Generalized PTR: User-Friendly Recipes for Data-Adaptive Algorithms with Differential Privacy
Rachel Redberg, Yuqing Zhu, Yu-Xiang Wang

TL;DR
This paper extends the classic PTR framework to a more general, data-adaptive setting for differential privacy, enabling its application to a broader range of algorithms and addressing complex privacy challenges.
Contribution
It introduces a generalized PTR framework that privately tests data-dependent privacy losses, broadening applicability beyond standard mechanisms and solving an open problem in private model release.
Findings
Successfully applied to private linear regression.
Privately released entire models in PATE setting.

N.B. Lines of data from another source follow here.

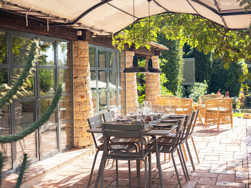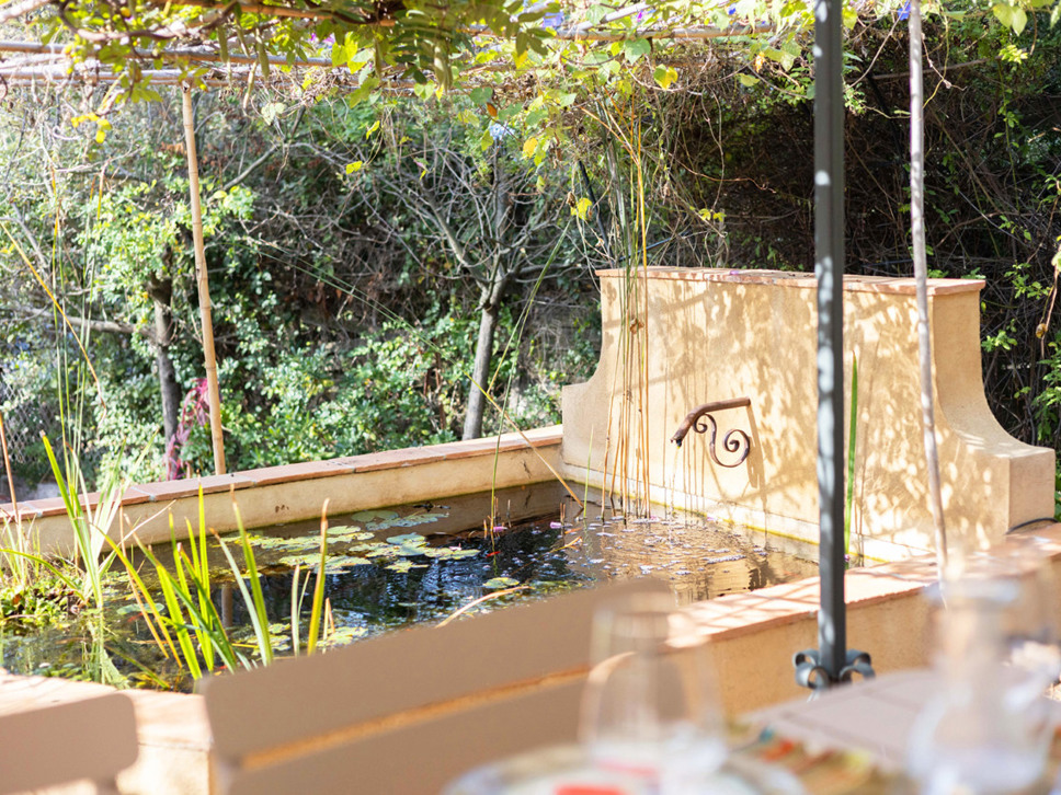 Openslaande deuren bieden vanuit de living toegang tot het terras. Op het terras kunt u heerlijk onder de pergola zitten. Naast een leuke loungeset is er ook een Fermob eettafelset. Een gezellig plekje om - samen met de goudvissen in de kleine vijver - gezellig samen te ontbijten of rustig een kopje koffie te drinken.
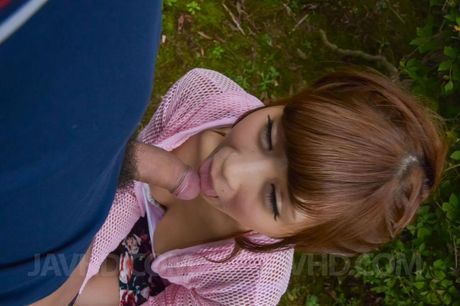 Jav HD: Anna Anjo Asian in blouse sucks dick and gets cum from it outdoor
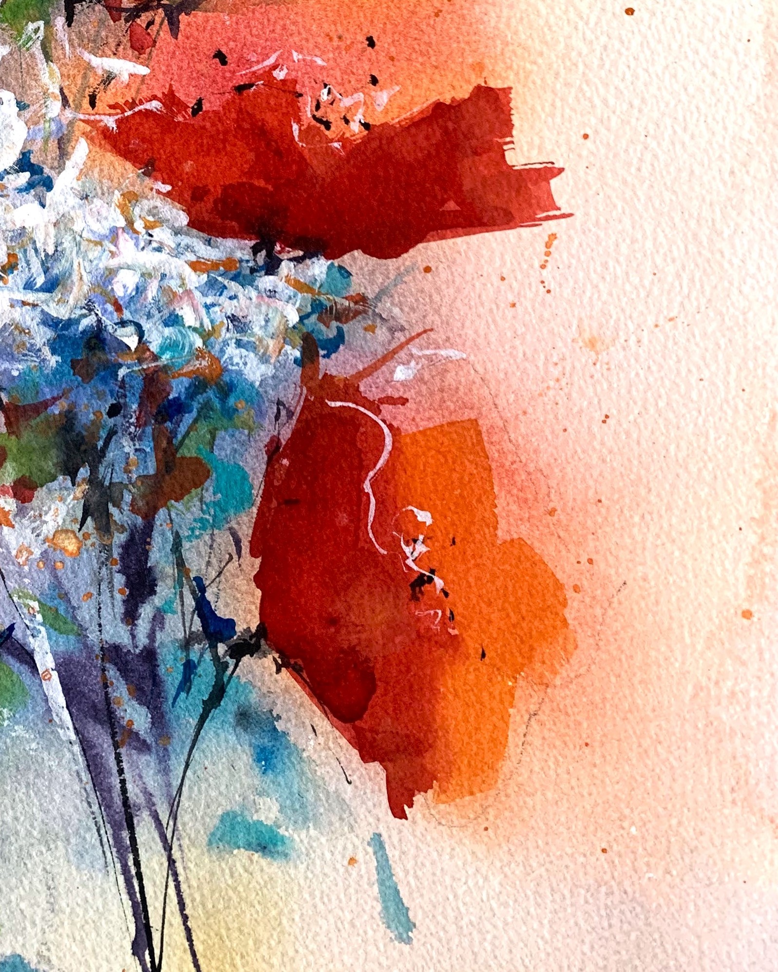 Comanda acum tabloul tau pictat manual in acuarela, Flori de camp, si bucura-te de frumusetea naturii in propria ta casa!

Enhanced flexibility in data-adaptive differential privacy.
Abstract
The ''Propose-Test-Release'' (PTR) framework is a classic recipe for designing differentially private (DP) algorithms that are data-adaptive, i.e. those that add less noise when the input dataset is nice. We extend PTR to a more general setting by privately testing data-dependent privacy losses rather than local sensitivity, hence making it applicable beyond the standard noise-adding mechanisms, e.g. to queries with unbounded or undefined sensitivity. We demonstrate the versatility of generalized PTR using private linear regression as a case study. Additionally, we apply our algorithm to solve an open problem from ''Private Aggregation of Teacher Ensembles (PATE)'' -- privately releasing the entire model with a delicate data-dependent analysis.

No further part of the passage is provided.